Broadcasting limitations / Custom strides? #437

davenza opened this issue Apr 11, 2018 · 5 comments

Comments

@davenza
Copy link

davenza commented Apr 11, 2018

Hi, I have a problem that I don't know how to solve with the current broacast implementation.

I want to multiply two matrices where some axis in both matrices could have length 1. For example:

shape [1,2,2] * shape [2,1,2]

The expected matrix would be a shape [2, 2, 2]. #265 illustrates this behaviour better than me. This is totally natural in Numpy. Of course, the current implementation of ndarray does not allow this type of operations and @bluss commented that was not keen to implement it.


Custom strides?

I have been thinking how to solve this problem, and the unique (efficient) solution that I could come up is using custom strides where the stride is 0 in the axis with length 1. So, our original matrices:

shape [1,2,2], strides [4,2,1] * shape [2,1,2], strides[4,2,1]

would be converted to:

shape [2,2,2], strides [0,2,1] * shape [2,1,2], strides[4,2,1]

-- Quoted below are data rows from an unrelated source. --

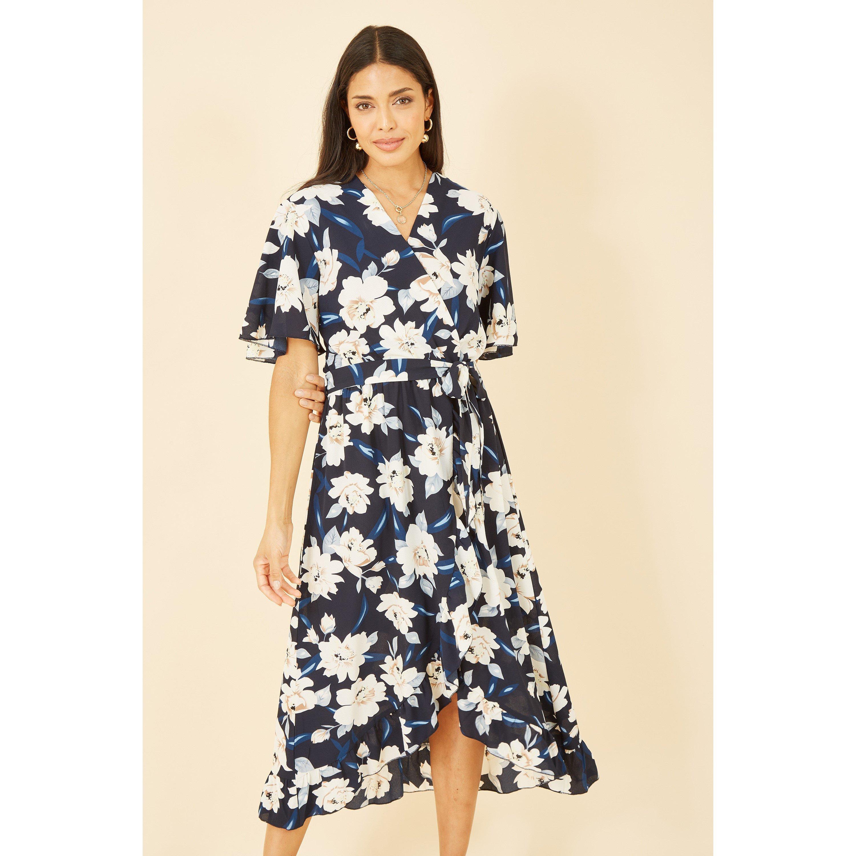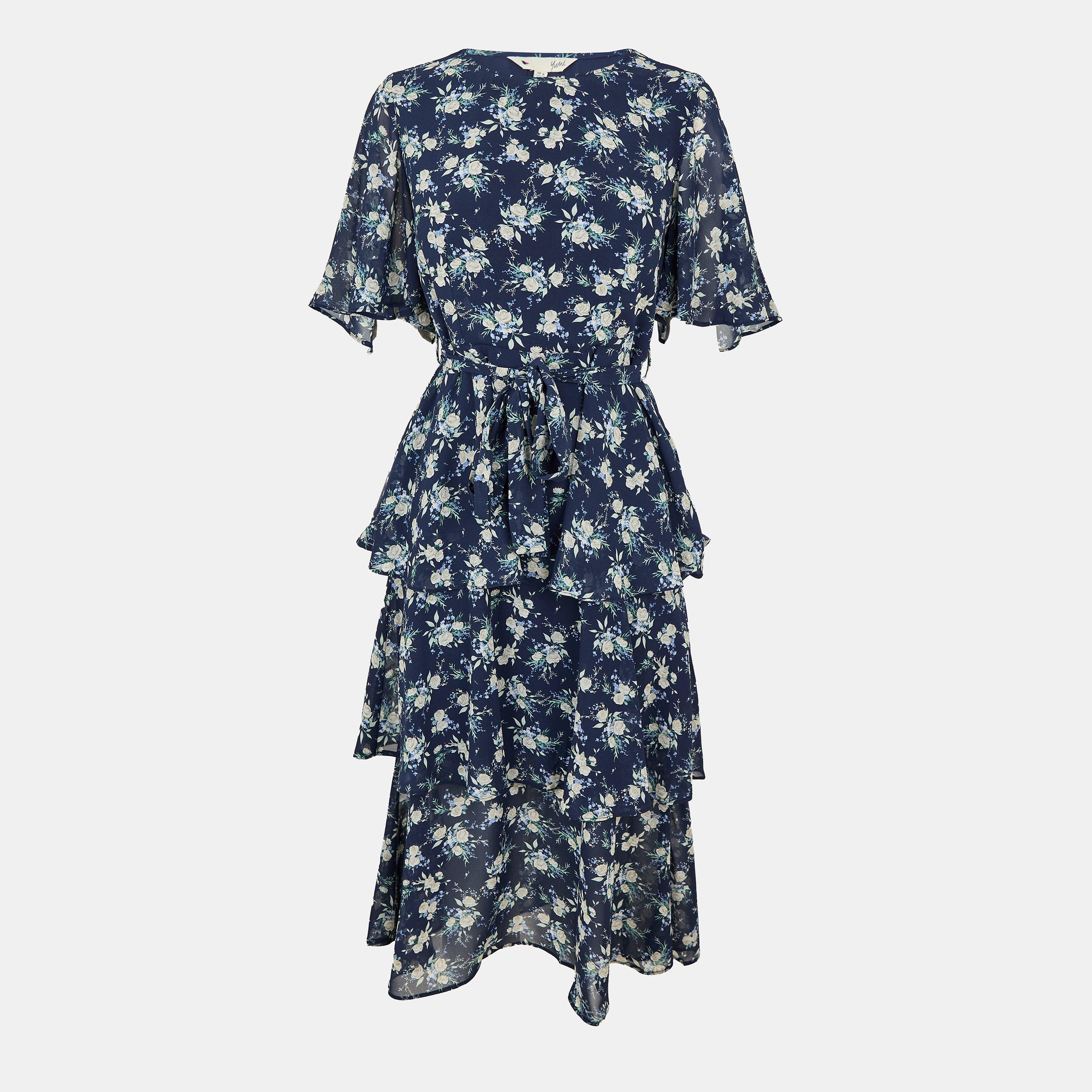 Navy Floral Frill Layer Midi Dress
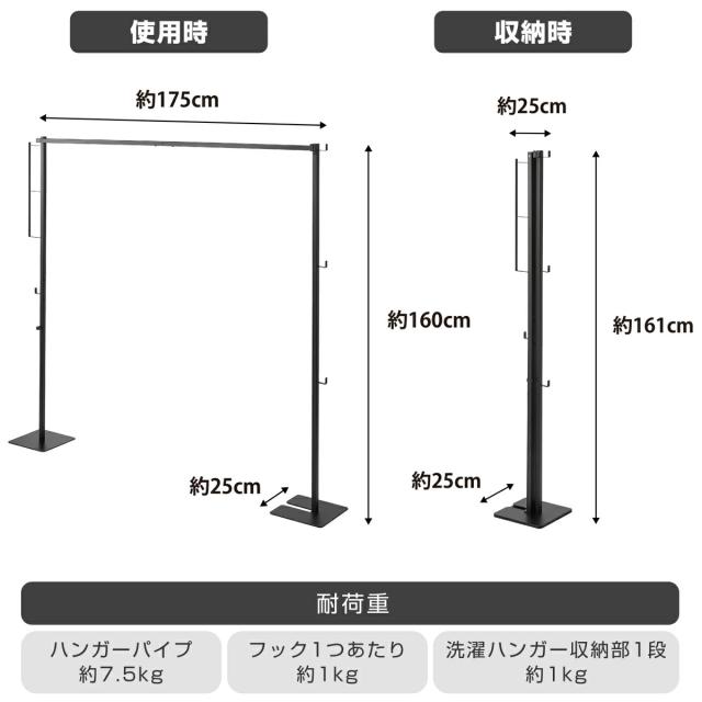 | サイズ | 約 幅175×奥行25×高さ160(cm) 収納時:約 幅25×奥行25×高さ161cm ハンガーパイプ:約 幅150×高さ159cm |
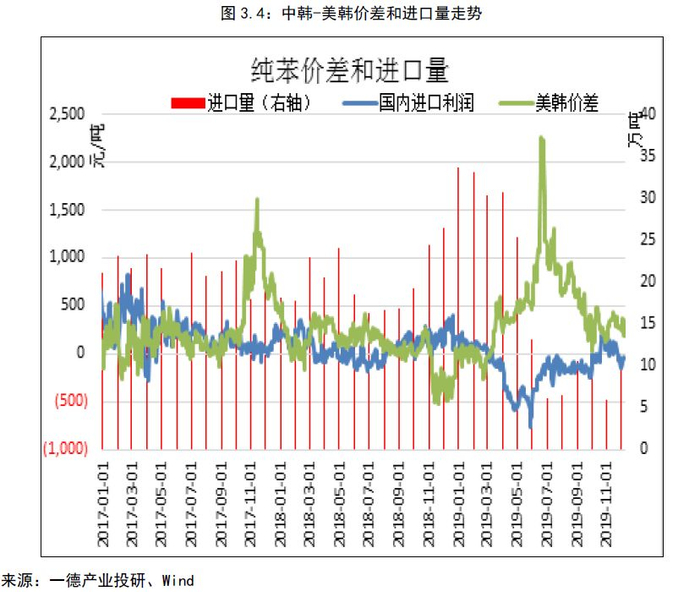 2. 纯苯美韩套利窗口长期打开给予内盘纯苯支撑;进口量减少,显性库存减少
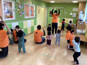 カードが終わると、「stando up,sit down 」の曲に合わせて身体を動かします。
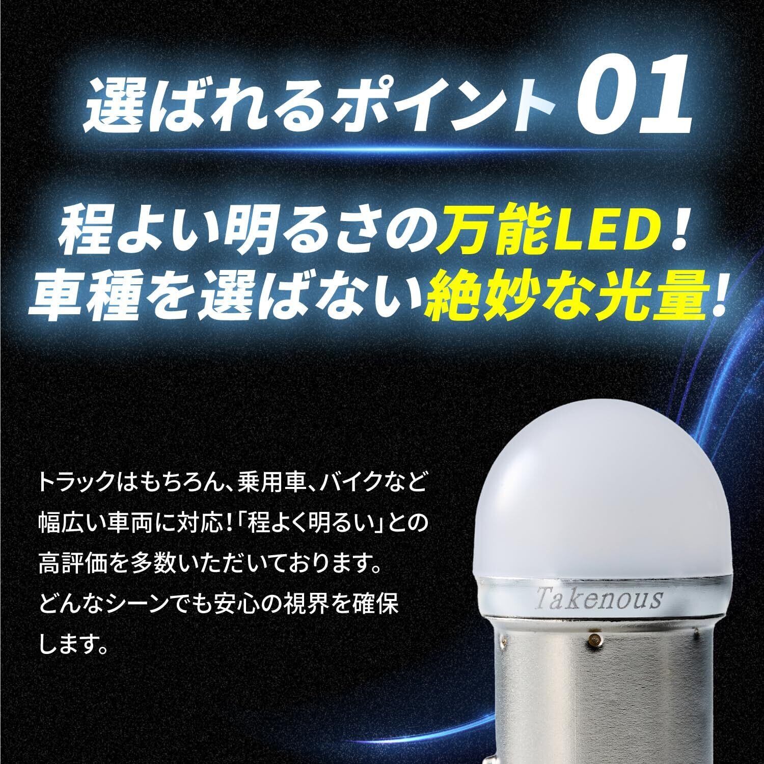【程よい明るさの万能LED! 車種を選ばない絶妙な光量】 トラックはもちろん、乗用車、バイクなど幅広い車両に対応! 「程よく明るい」との高評価を多数いただいております。どんなシーンでも安心の視界を確保します。
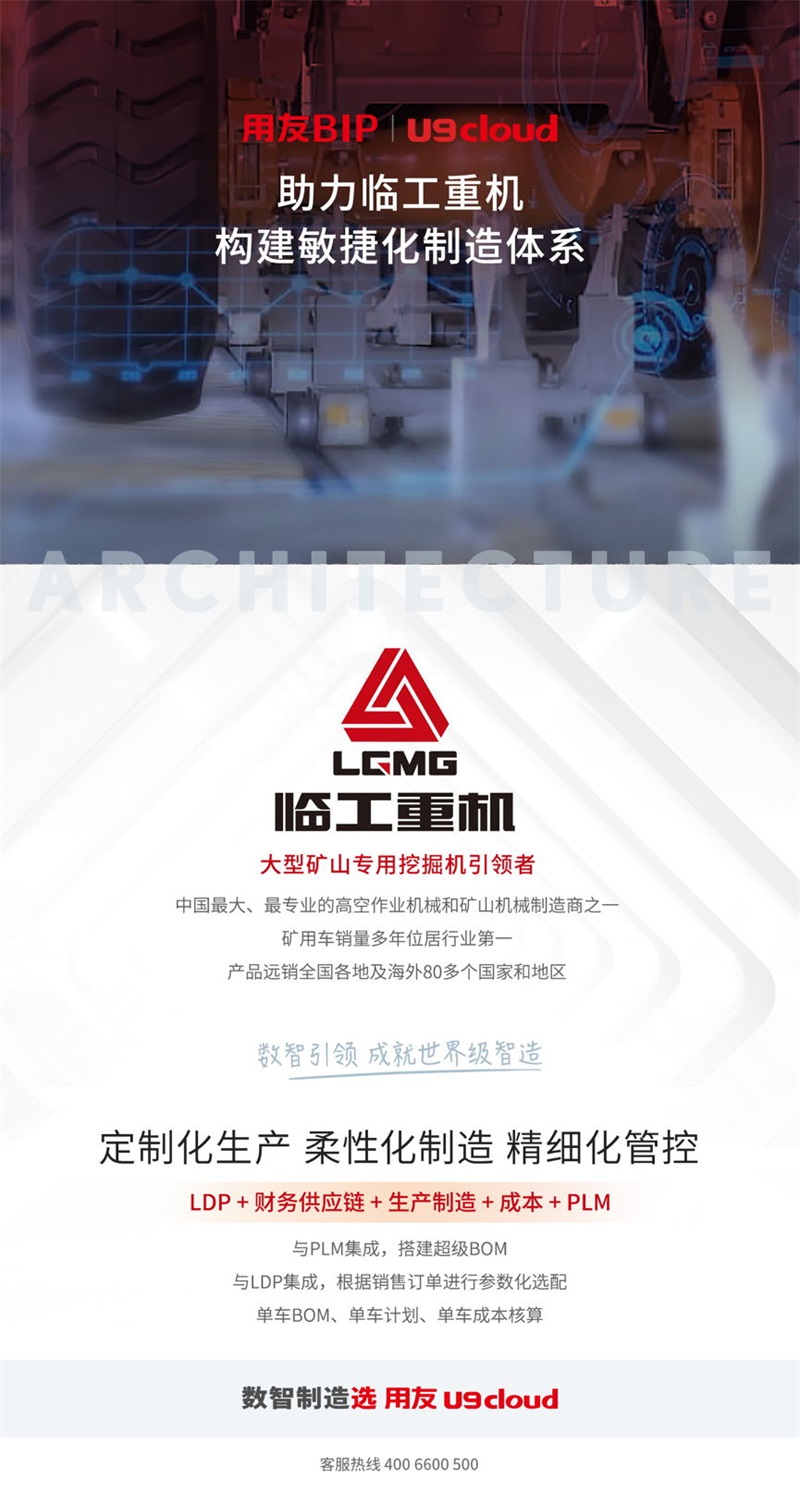 临工重机正是以U9 cloud为依托,通过与集团总部的LDP营销系统、PLM系统无缝集成,搭建超级BOM支持客户个性化需求,实现按订单设计与制造,为企业构建高端制造体系奠定基础。

Note that only the left matrix needs to be customized. However, the current ArrayBase implementation does not allow changes on the strides. The unique way to customize strides is: from_shape_vec. However, as the documentation states:

Errors if strides allow multiple indices to point to the same element, so this type of changes are not allowed. How would you solve this problem?

@jturner314
Copy link
Member

Currently, ndarray supports automatic broadcasting of only the array on the right-hand side of a binary operator. However, it is possible to manually broadcast the left-hand array by using the .broadcast() method, which does what you're describing with "Custom strides?". Here's an example:

#[macro_use]
extern crate ndarray;

fn main() {
    let a = array![[[1, 2], [3, 4]]];
    let b = array![[[5, 6]], [[7, 8]]];
    let c = &a.broadcast((2, 2, 2)).unwrap() * &b;
    assert_eq!(a.shape(), [1, 2, 2]);
    assert_eq!(b.shape(), [2, 1, 2]);
    assert_eq!(c.shape(), [2, 2, 2]);
    println!("{}\n*\n{}\n=\n{}", a, b, c);
}

which prints

[[[1, 2],
  [3, 4]]]
*
[[[5, 6]],
 [[7, 8]]]
=
[[[5, 12],
  [15, 24]],
 [[7, 16],
  [21, 32]]]

which is the same result NumPy gives.

Basically, .broadcast() creates a view of an array with strides of 0 where necessary. It returns an Option because it may not be possible to broadcast an array to the specified shape.

Note that Array::from_shape_vec() does not allow overlapping elements in an owned array because that would make it possible to violate Rust's ownership rules. There's a similar method specifically for views (ArrayView::from_shape()), but it turns out that it also disallows overlaps even though that isn't strictly necessary. (I created #438 for this.) So, currently the only way to create overlapping elements in safe code is the .broadcast() method.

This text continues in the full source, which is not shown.